小丑一样在评论中指出,X86可以指望用底片
特区$ 63%R10#广播符号位的所有位:-1或0
子%R10,%RBX#减法-1(或0):即,加1(或0)
更新:无分支的版本,使用CMOV效仿setcc
我们可以使用 CMOV
到寄存器设置为0或1,然后添加到我们的计数。这样就避免了所有的分支。 (0是该添加剂的身份。这个基本技术适用于具有单位元的任何操作。例如全1是用于标识元素与1是用于乘法的单位元。)
展开,这是简单的,但也有环路开销的3指令相比,需要重复8条指令。该收益将是相当小的。
irmovq $ 1,%#R11吊出循环
irmovq $ 8%R8
MOV%的RDX,%#RBX是neg_count计算后循环:mrmovq(%RDI),R10%来自#阅读的src ... VAL
addq%R8,%RDI#SRC = + 16为下一次迭代 距离Val和Q%R10,R10%#组标志 irmovq $ 0%R13
cmovg%R11,R13%#效仿setcc
irmovq $ 0%R14
cmove%R11,R14% 添加%R13,%#RAX + pos_count =(VAL大于0)
添加%R14,%#RCX + zero_count =(VAL == 0) SUBQ%R11,%#RDX = len- 1,设置标志
JG回路#告吹时RDX = 0
end_loop: 子%RAX,RBX%
子%RCX,%#RBX = neg_count initial_len - pos_count - zero_count
如果分支机构(特别是未predictable分支机构)是昂贵的,这个版本会做的更好。使用小丑的建议计算从其他两个的计数中的一个的帮在这种情况下,大量的
有pretty良好的指令级并行在这里。两个独立setcc - >添加依存关系链可以并行运行一次的测试结果已经准备好
Say I have the following instruction, simply checks if a number is positive or not (negative or zero) and if it was positive add 1 to our counter (and we don't care if the numbers is negative or zero). I can do this with a simple loop unrolling:
Loop:
mrmovq (%rdi), %r10 # read val[0] from src
andq %r10, %r10 # val[0] <= 0?
jle Npos1 # if so, goto Npos:
iaddq $1, %rax # count++
Npos1:
mrmovq 8(%rdi), %r11 # read val[1] from src+8
andq %r11,%r11 # val <= 0?
jle Npos2 # if so, goto next npos:
iaddq $1, %rax
Npos2:
mrmovq 16(%rdi), %r11 # read val[2] from src+8
andq %r11,%r11 # val <= 0?
jle Npos3 # if so, goto next npos:
iaddq $1, %rax
My question is how I can get the same efficient structure if I want to check also for being zero or negative. In this case I'll have three counters (one for pos, one for neg and one for zero)One inefficient way would be like this. I am trying to make the same structure as the previous example (we are storing positive counts in %rax
, negatives in %rbx
and zeros in %rcx
) :
Loop: mrmovq (%rdi), %r10 # read val from src...

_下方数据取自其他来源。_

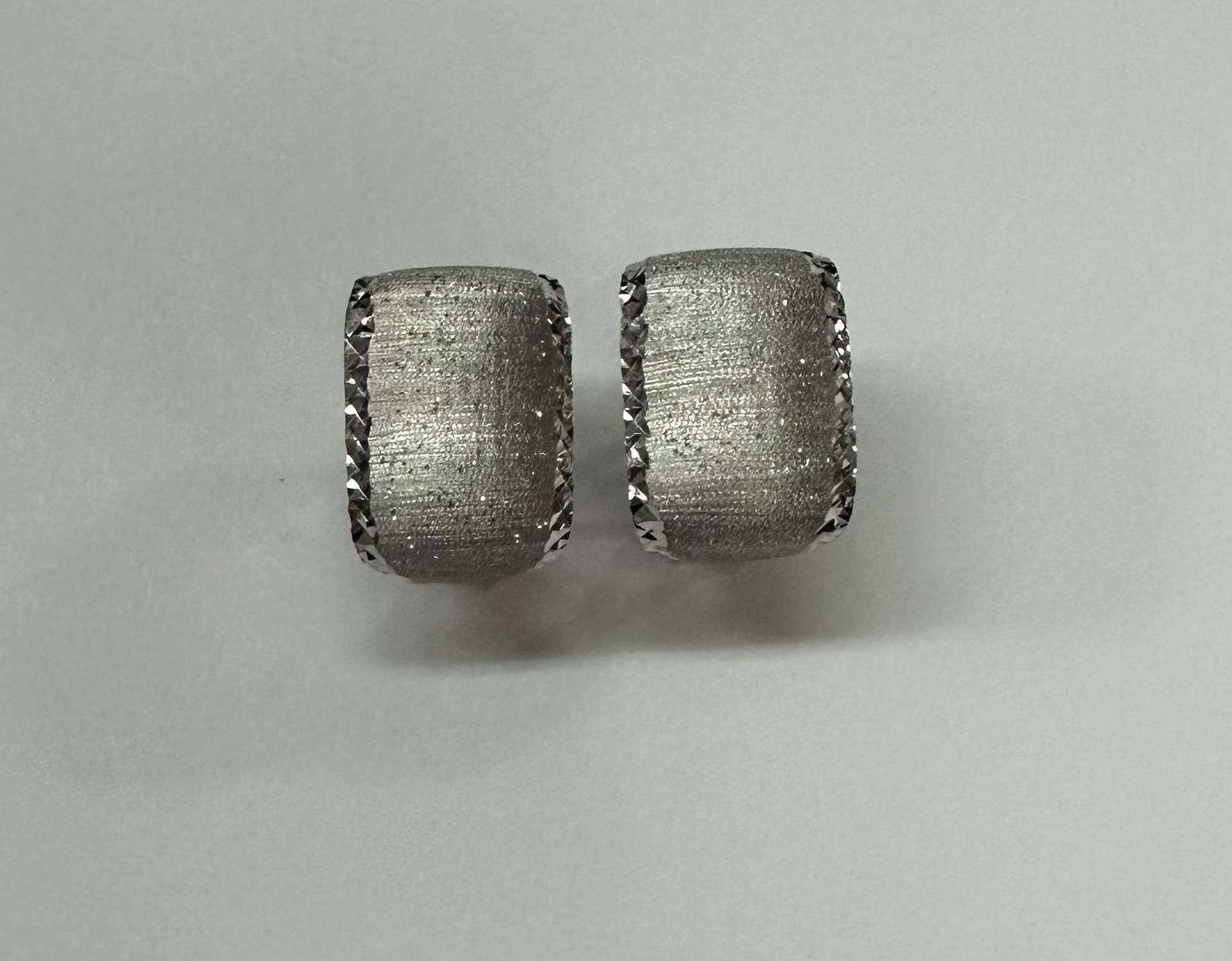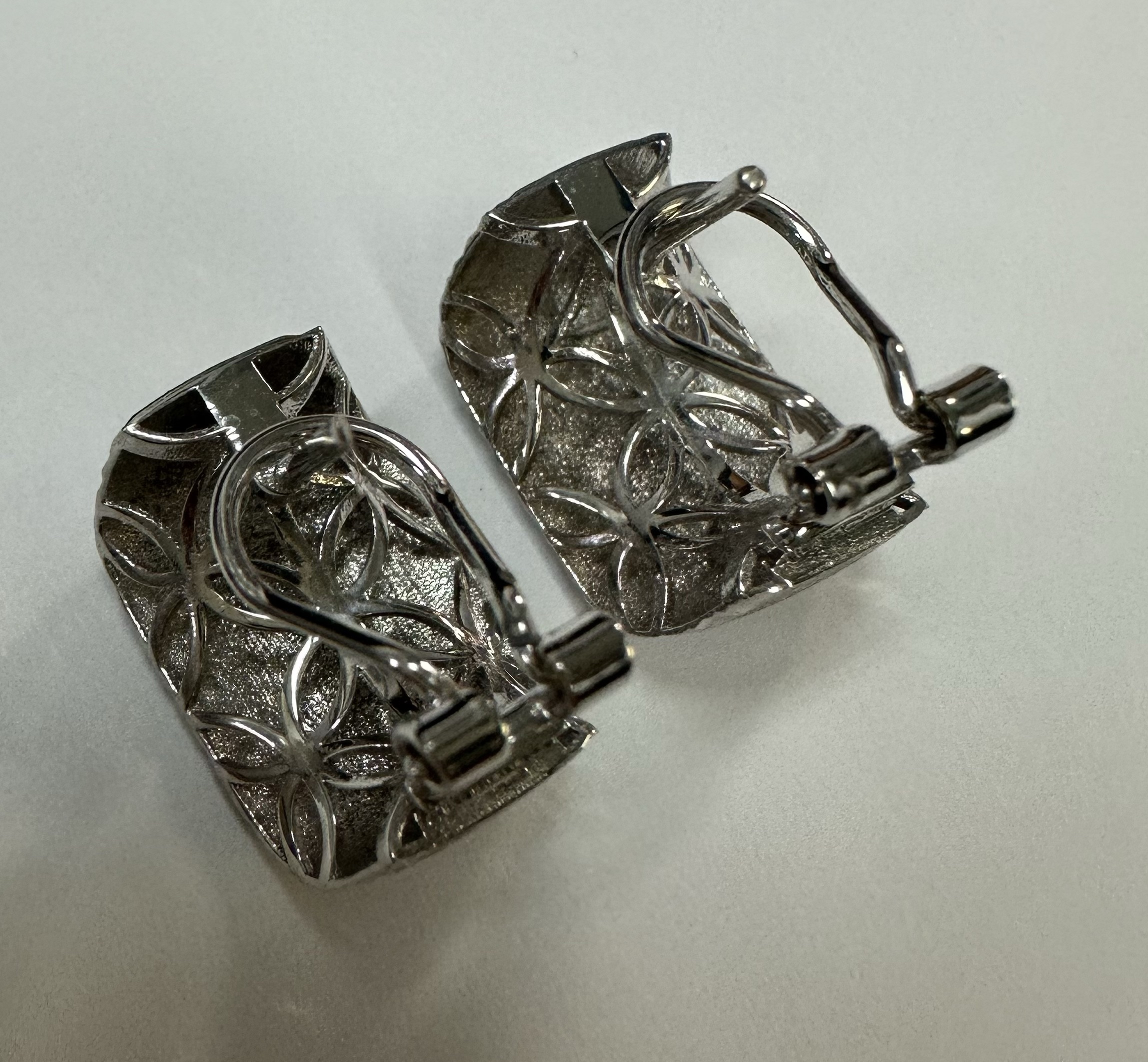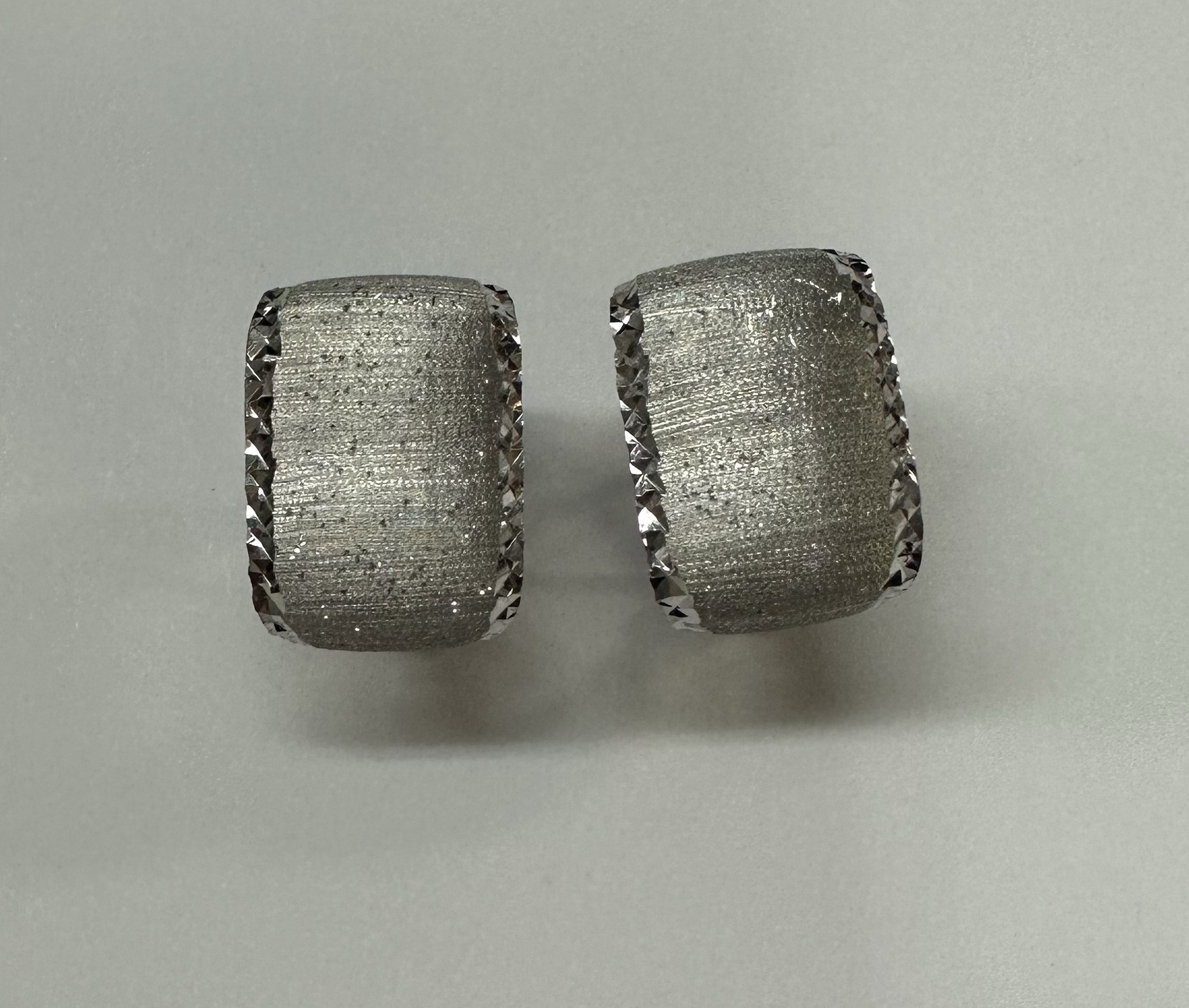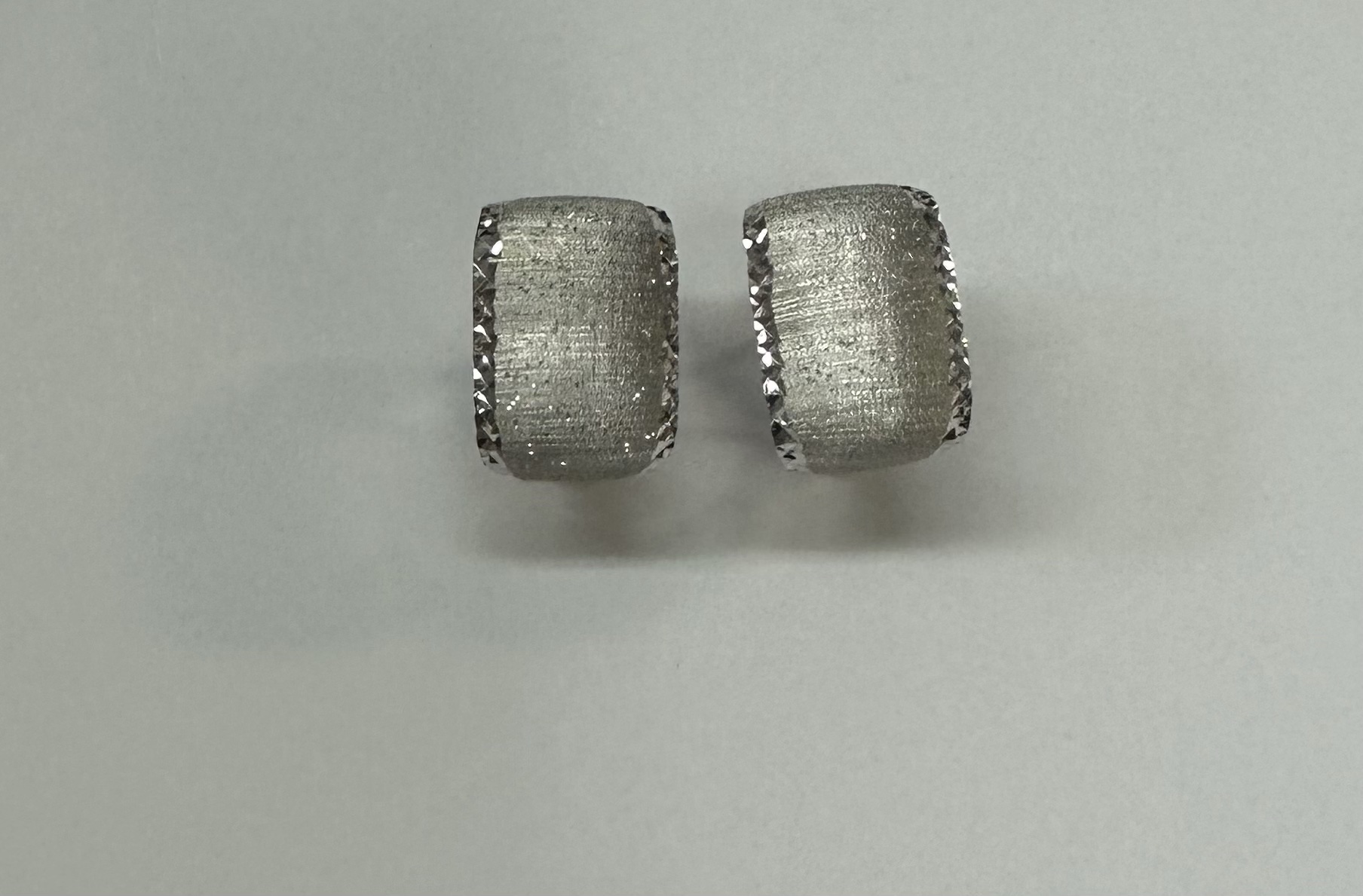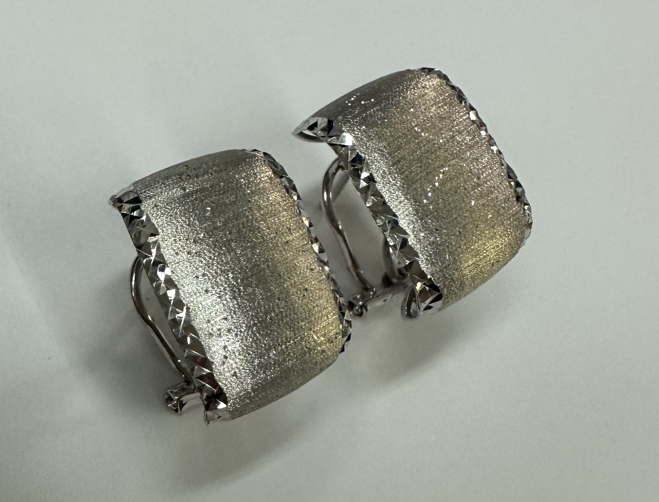 One-of-a-kind 18k white gold hoop style post & clip earrings with diamanté finish and hammered border, directly imported from Italy. These earrings measure 11.5 mm in width and have an entire weight of 6.1 grams.

andq %r10, %r10 # val <= 0?
jle Npos # if so, goto Npos:
irmovq $1, %r11
addq %r11, %rax # Count positives in rax - count_pos++
jmp Rest
Npos: andq %r10, %r10 # Not positive
je Zero
irmovq $1, %r11
addq %r11, %rbx # Count negatives in rbx - count_neg++
jmp Rest
Zero: irmovq $1, %r11
addq %r11, %rcx # Count zeroes in rcx - count_zero++
Rest: irmovq $1, %r10
subq %r10, %rdx # len--
irmovq $8, %r10
addq %r10, %rdi # src++
addq %r10, %rsi # dst++
andq %rdx,%rdx # len > 0?
jg Loop # if so, goto Loop:
update: see the very end for a non-branching version that should be much better, and trivial to unroll. But the rest of the answer is still worth reading, IMO.
I did find a way to save a couple instructions executed per value tested, with an unroll, but it's pretty minor compared to what I managed with a well-optimized version that used loop tail duplication. (see below).
y86 is too stripped-down to allow efficient code compared to real architectures in a lot of cases. For one thing, there doesn't seem to be a way to conditionally increment without clobbering flags. (x86 has lea rax, [rax+1]
).
I don't see a way to save a lot of instructions by only counting positive and zero, and calculating the negative count from that after the loop. You still have to branch to test each value. update: no you don't, because you can emulate x86's setcc
using y86's cmov
!
However, I did find several big improvements in your code:
reuse the flags set by the first test, instead of re-testing
Another major thing is to hoist the
%r11 = 1
out of the loop, so you can just increment with one insn. Setting up constants in registers is a really common thing even in real code. Most ISAs (including RISC load-store machines) have add-immediate instructions, like x86'sadd $1, %rax
, but y86 doesn't so it needs this technique even for increments (x86inc %rax
)!sub
sets flags, so use them instead of doing a separate test.
Style issues:
With descriptive label names, you don't need as many comments.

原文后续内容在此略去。